Following iterative attempts at optimizing parameters for each of the above models, the resulting RMSE values and REC curves, shown in Figure 2, the random forest model proved to be the most suitable for this work.

Random Forest Regression
Random forest regression involves supervised ensemble learning. In a random forest, it constructs multiple decision trees that run in parallel and do not influence each other and aggregates the results.
The finalized random forest regression model was setup with the following parameters: maximum features = 80, maximum depth = 70. When fit to the normalized spectral data, a RMSE of 0.17 and an out of bag R² of 0.96 were achieved, both of which were significant improvements compared to the other tested models.
Figure 3 plots the model predicted temperature and mole fractions versus the ground truth values for the test spectra. There is a clear linear correlation, as we expect to see for a correctly functioning model. The largest percentage error in prediction was consistently in the H₂O concentration values with an average error of 10% compared to 6 % for CO₂ and 5% for temperature.
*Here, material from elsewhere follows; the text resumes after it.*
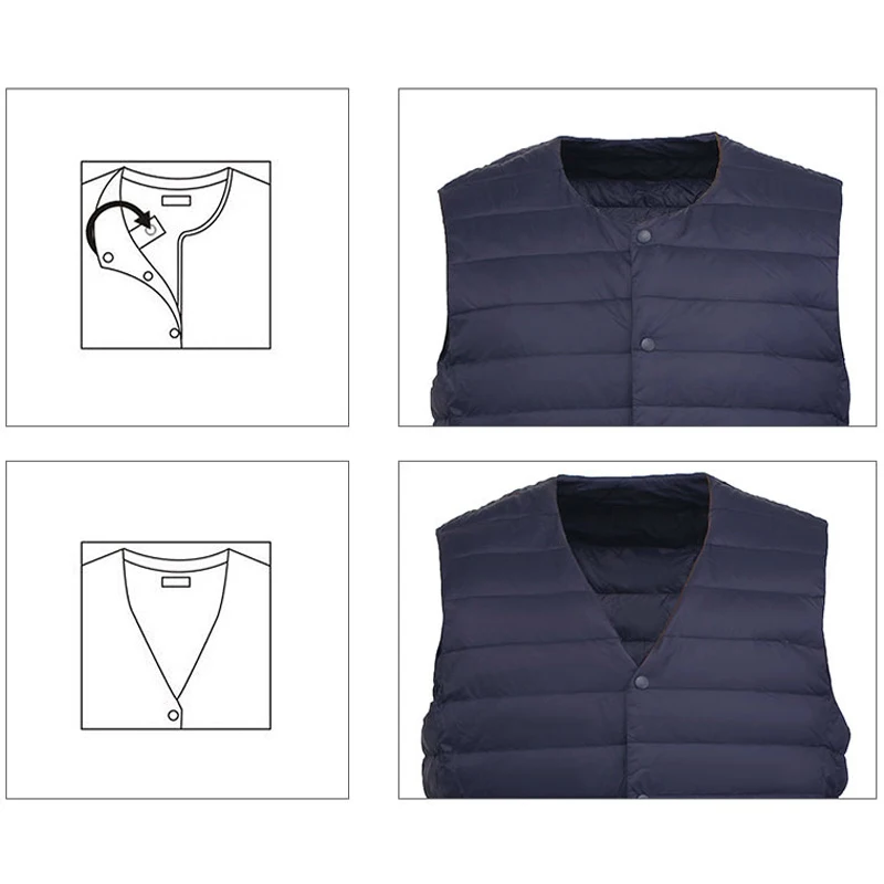 Модные мужские легкие однобортные пуховые жилеты осень-зима, белый жилет на утином пуху, повседневный жилет без рукавов с круглым вырезом

The 20 most ‘important’ features (wavenumber points) as determined by the model are presented in the histogram of Fig. 4. Of note, we see that many of these important wavenumbers lie within the line pair around 3775.7 1/cm which include absorbance transitions of H₂O with high temperature sensitivity.

Conclusion
In this work, a random forest machine learning model was successfully used to extract species mole fraction and temperature from convoluted absorption spectra of CO₂ and H₂O. This provides an exciting alternative to traditional spectral line fitting processes that are difficult to implement for complicated spectra. This model can be trained and used on data for these species in other wavelength regions as well as for other useful combustion species to measure.